Each International Women's Day I am faced with the challenge between celebration and frustration. Celebration in how far women and girls' rights have advanced from our right to vote, but equally frustrated in how slow and cyclical this progress has been.
In 2021, we still live in a world where 1 in 3 women experience physical and sexual abuse. "Half of women killed worldwide were killed by their partners or family, and violence perpetrated against women is as common a cause of death and incapacity for those of reproductive age, as cancer, and a greater cause of ill health than road accidents and malaria combined."*
This isn't just happening 'over there' in somewhere far outside of your control and influence. It is happening in all spaces, at all times to all types of women and girls. We are all to reminded by the murder of Sarah Everard violence can happen even by walking home at night. Physical and sexual violence is only one small part of the story when we include everyday sexism into the mix: the gender pay gap, sexual harassment and the world systematically designed to give advantages to white, cis, heterosexual males.

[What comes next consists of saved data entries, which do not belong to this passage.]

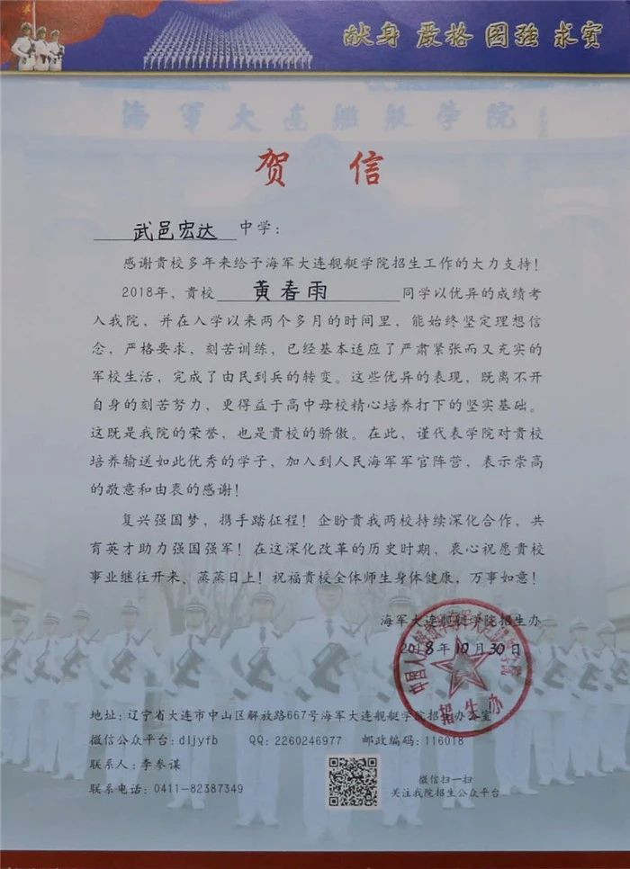 中国人民解放军海军大连舰艇学院向我校发来贺信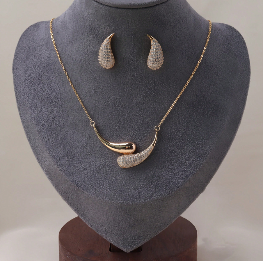 This exquisitely crafted fashion jewelry set features a matching pair of elegant earrings and a coordinating necklace, designed to add refined sophistication to both daily outfits and party ensembles. The delicate details and high-quality finish ensure a luxurious look that transitions seamlessly from office wear to evening celebrations, offering versatile styling options for the modern woman. Whether paired with casual attire for a touch of everyday elegance or worn to complement formal dresses for special occasions, this beautiful set makes a thoughtful gift and a timeless addition to any jewelry collection.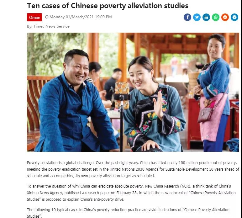 《阿曼时报》转载新华社智库(NCR)报告,共列举10个中国脱贫攻坚的典型案例,介绍中国实现脱贫全面胜利的秘诀。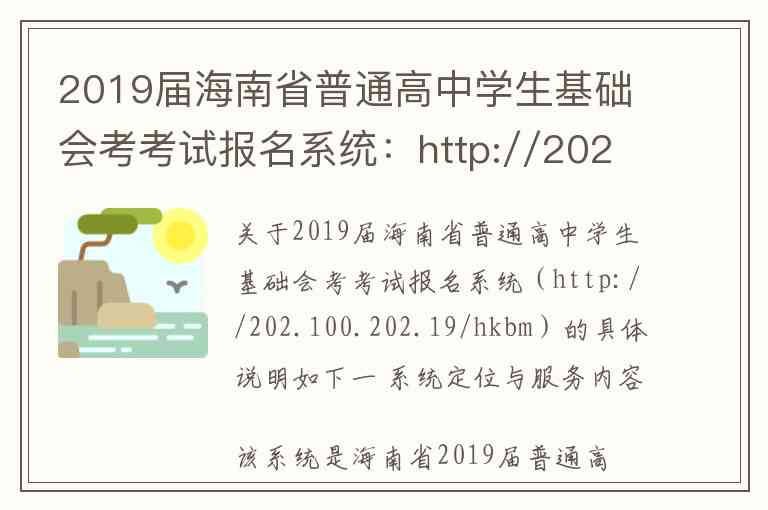 关于2019届海南省普通高中学生基础会考考试报名系统(http://202.100.202.19/hkbm)的具体说明如下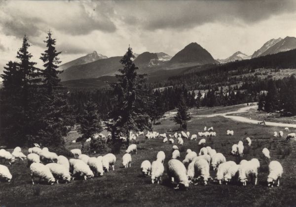 Widok na owce pas±ce się na ł±ce w Szczyrbie. W tle Krywań, Krótka, Ostra, Szczyrbskie Solisko, Szczyrbski Szczyt i Grań Baszt.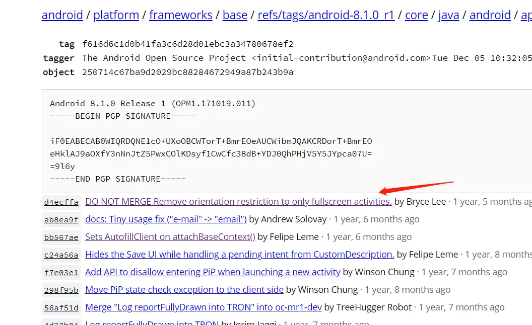第二个问题,在Android8.1.0的第一个release版本中确实去掉了相关的代码,这个在Android8.1.0的release版本的提交纪录里能够看得出来 传送门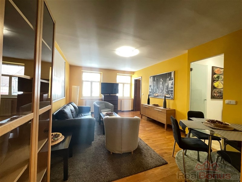Nabízíme zařízený byt 3+KK ve 4. patře, o rozloze 73,92 m2. Byt se sestává z chodby, obývacího pokoje, kuchyně, 2 ložnic, samostatného WC, koupelny. Byt je zařízený. Nájemné: 26500,Kč + 1.500,Kč domovní služby za osobu (vodné, stočné, úklid domu, výtah, osvětlení v domě atd.) + revize kotle 220 Kč/měsíc + elektřina a plyn na vlastní náklady. Zvířata dovolena.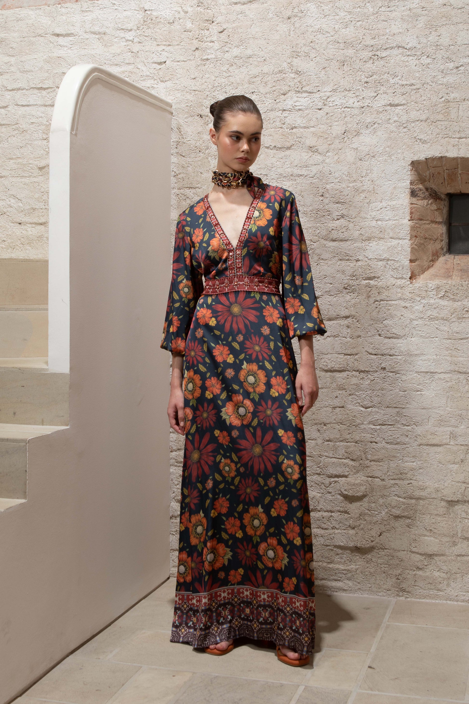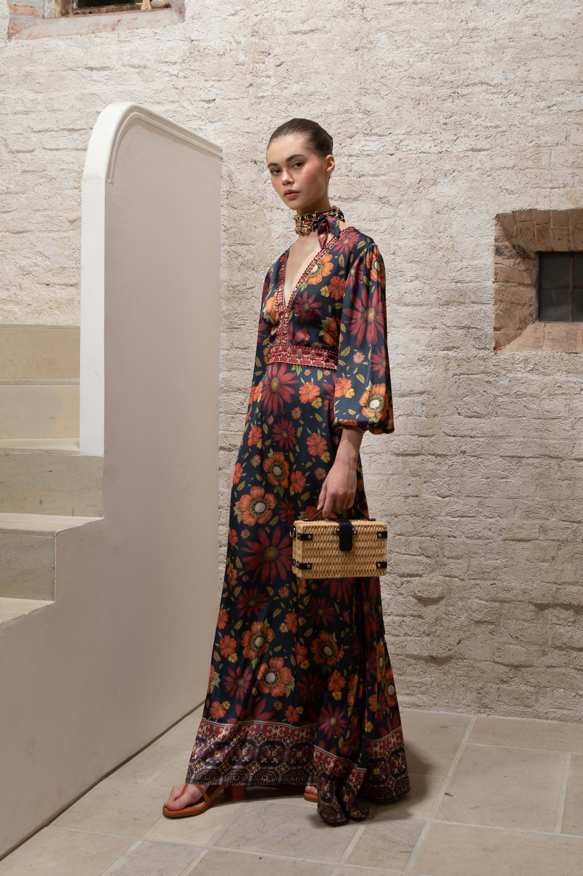 VT 8630 Rona V-Neck Ankle Dress with Puffed Sleeve in Navy
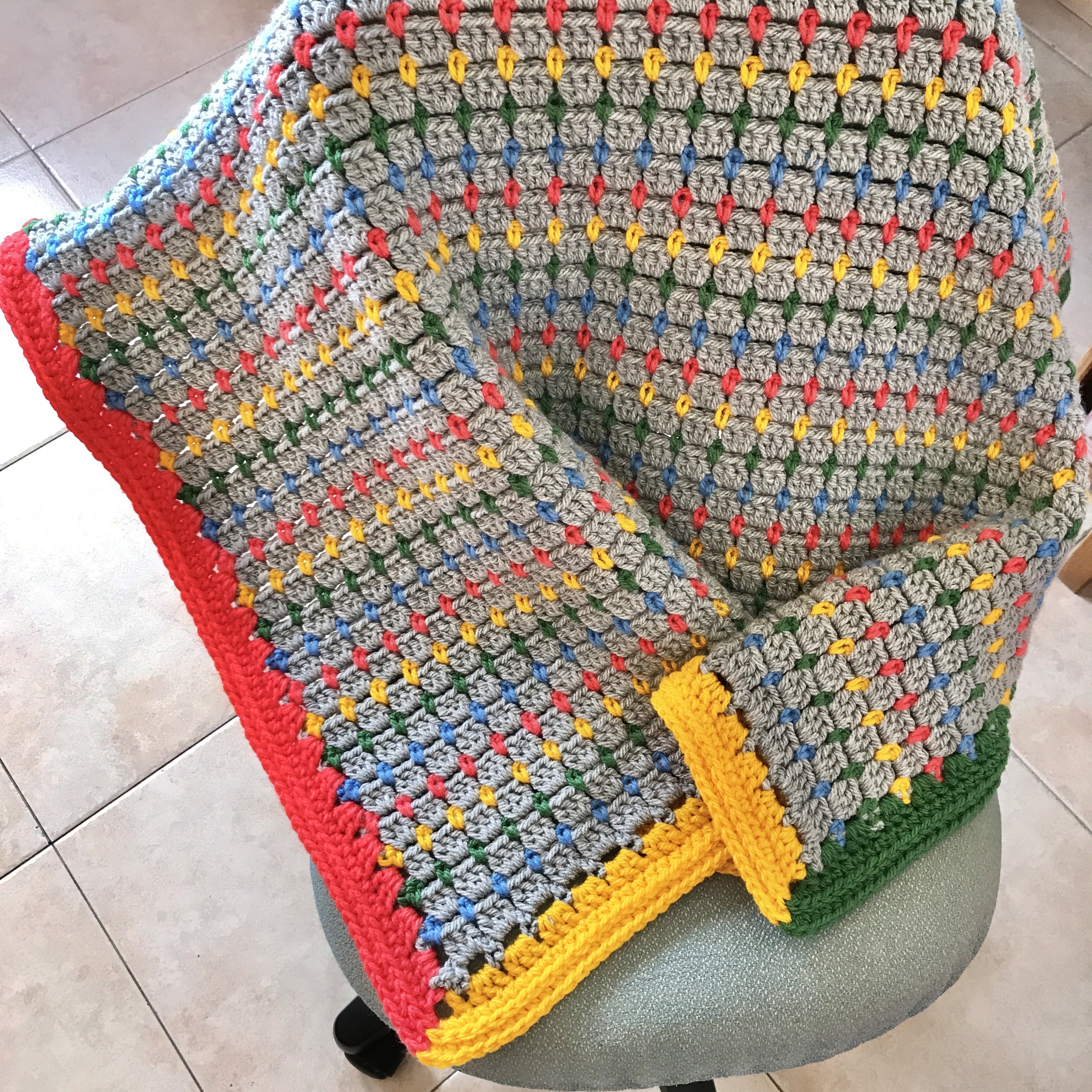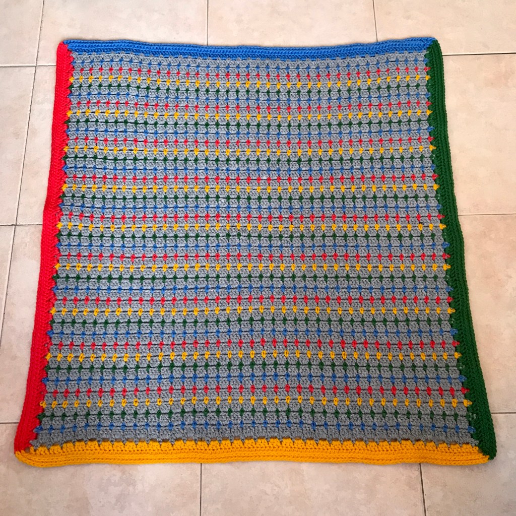 La manta con base en gris y los colores del parchís alternando está hecha según el patrón Hearthside Lapghan Blanket de Jessica Reeves Potasz, al que añadí un borde sencillo alternando los cuatro colores de contraste. Usé un hilo acrílico, el Mondial Pronto.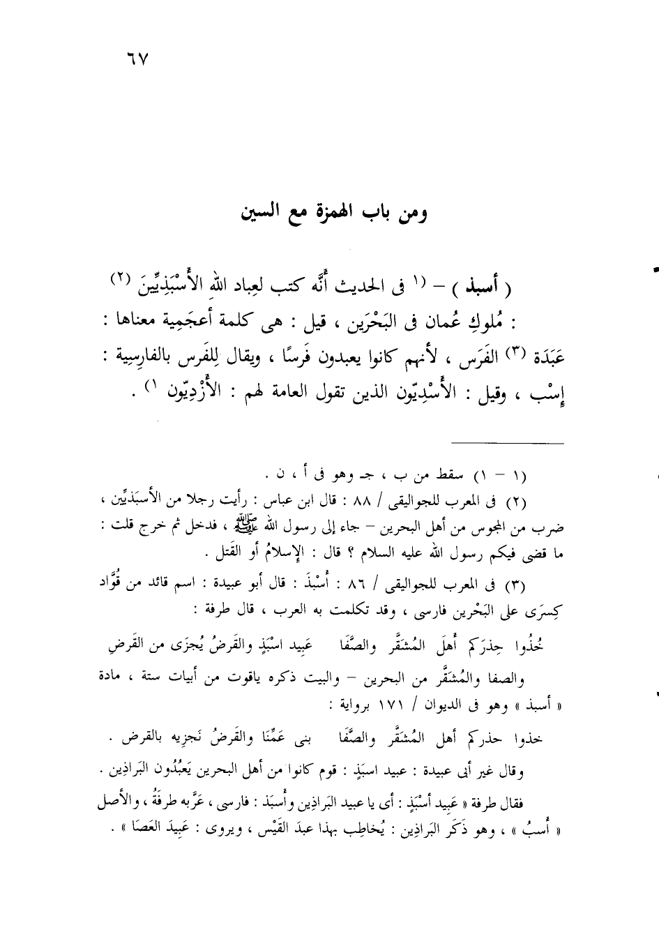(¬3) في العرب للجواليقى / 86: أَسْبذَ: قال أبو عبيدة: اسم قائد من قُوَّاد كِسرَى على البَحْرين فارسى، وقد تكلمت به العرب، قال طرفة: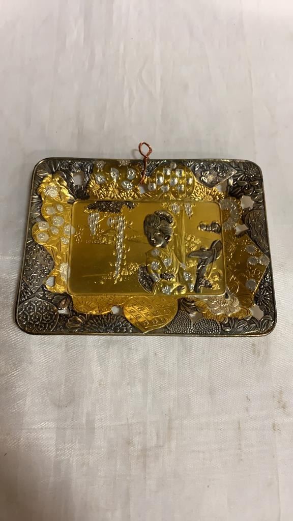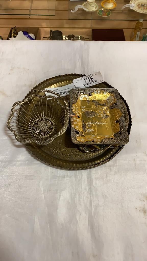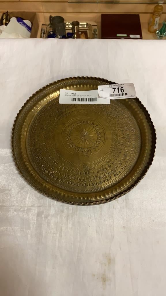BRASS TRAY OF SILVER INLAY COLLECTIBLES

Today, I celebrate, reflect and commit to doing more. More for womxn who weren’t born female, women with disabilities, women from different ethnicities, women of all sexualities, women with any intersection with makes the more marginalised and their lives so much more difficult. What more can I do to challenge this reality? How can I dismantle these structures through my own education, growing myself and listening to more intersectional voices to learn to change the things I don't know?
How will you commit to the changes in yourself to make the actions possible to do better for others?